_GIVEN INFORMATION_
=== Section Start ===

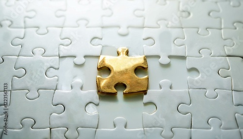 수많은 흰색 퍼즐 조각들로 이루어진 테이블 위에 하나의 금빛 퍼즐 조각이 중앙에 놓여 강렬하게 빛나는 장면
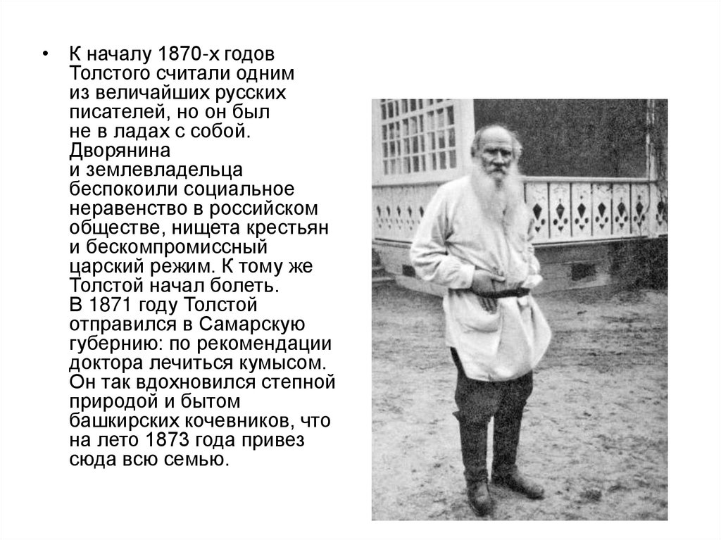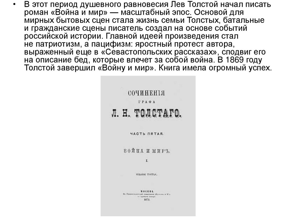 • В этот период душевного равновесия Лев Толстой начал писатьроман «Война и мир» — масштабный эпос. Основой для
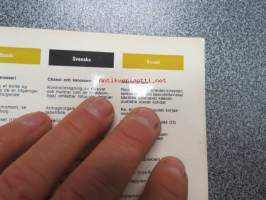 | Saatavilla | 1 kpl | | Sivuja | 2 | | Kunto | K3 | | Sidonta/painoasu | Pienpainate | | Kielet | Suomi, Ruotsi, Saksa, Hollanti, Tanska, Englanti |
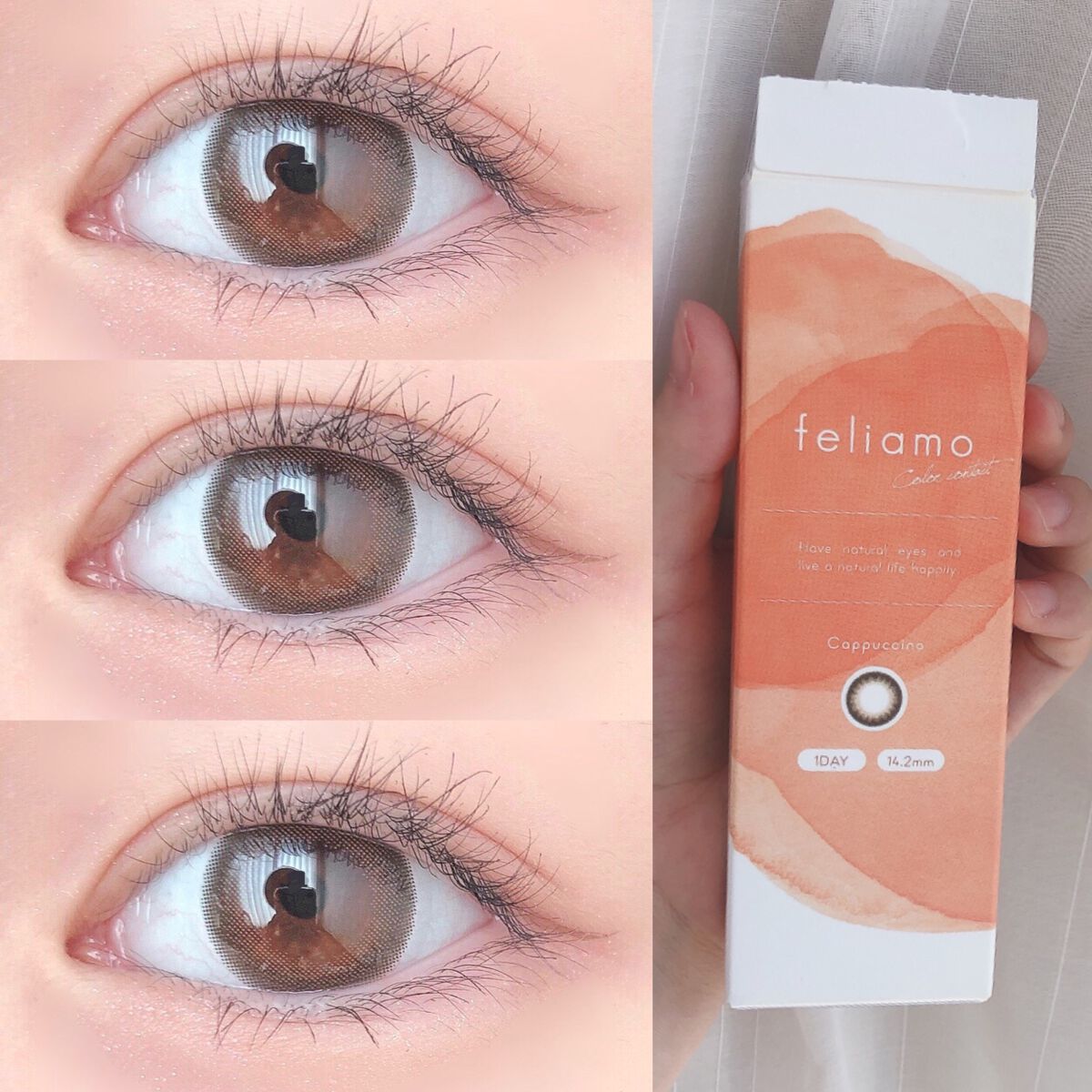- ※2025年6月以降、商品パッケージ裏面・側面の一部表記を順次変更いたします。尚、これにかかる商品の交換・返品は承っておりません。 どんな瞬間にも溶け込む誰からも愛される瞳へ feliamoの由来は felice amore~幸せな愛~ 瞳から愛されオーラを放つ好印象レンズで女性らしさと品を演出。 オンも、オフも、特別な日も。 どんな場面にも溶け込むレンズラインナップで誰からも愛される瞳に。 UV CUT Feature1 肌や瞳に有害といわれ、白内障などの眼病を引き起こす危険性のある紫外線を99%カットします。(UV-A波75%、UV-B波99%カット) イオン性 Feature1 水分を多く含み酸素を通しやすいため瞳にやさしい使い心地で、快適な装用感です。 高含水 Feature1 水分が多く含むやわらかい素材で、快適なつけ心地です。 レンズ構造 Feature1 まぶた側に着色剤を内包しているため、角膜に色素が触れることがない構造を採用しています。 レンズ形状 Feature1 フチを丸みのある形状にすることで自然な装用感を実現しました。 ※装用感には個人差があります。 カラーコンタクトレンズの不適正使用による眼障害の危険性等などがあります。 ●コンタクトレンズは高度管理医療機器です。不十分な洗浄・消毒など不適切なケアや、長時間・交換期間を超えた装用により、アレルギー性結膜炎、角膜感染症、角膜潰瘍等の重篤な眼障害が発生する危険性があります ●ご使用前に取扱説明書を確認してください 使用上の留意事項 ●眼科医院等を受診してからお求めください ●眼に異常を感じたら直ちにレンズ使用を中止し、お近くの眼科等で診察を受けてください ●医師の指示にしたがってご使用ください ●コンタクトレンズを装用する場合、自覚症状がなくても、眼科医院等での定期検査を受けてください ●レンズに不具合がある場合は使用しないでください

=== Section End ===

_ABOUT THIS EXERCISE_
Nothing but the lines from the first line of the data through the line with "Tanska, Englanti |" belongs in the answer, copied exactly and without pictures.

_TASK SOLUTION_
 수많은 흰색 퍼즐 조각들로 이루어진 테이블 위에 하나의 금빛 퍼즐 조각이 중앙에 놓여 강렬하게 빛나는 장면
 • В этот период душевного равновесия Лев Толстой начал писатьроман «Война и мир» — масштабный эпос. Основой для
 | Saatavilla | 1 kpl | | Sivuja | 2 | | Kunto | K3 | | Sidonta/painoasu | Pienpainate | | Kielet | Suomi, Ruotsi, Saksa, Hollanti, Tanska, Englanti |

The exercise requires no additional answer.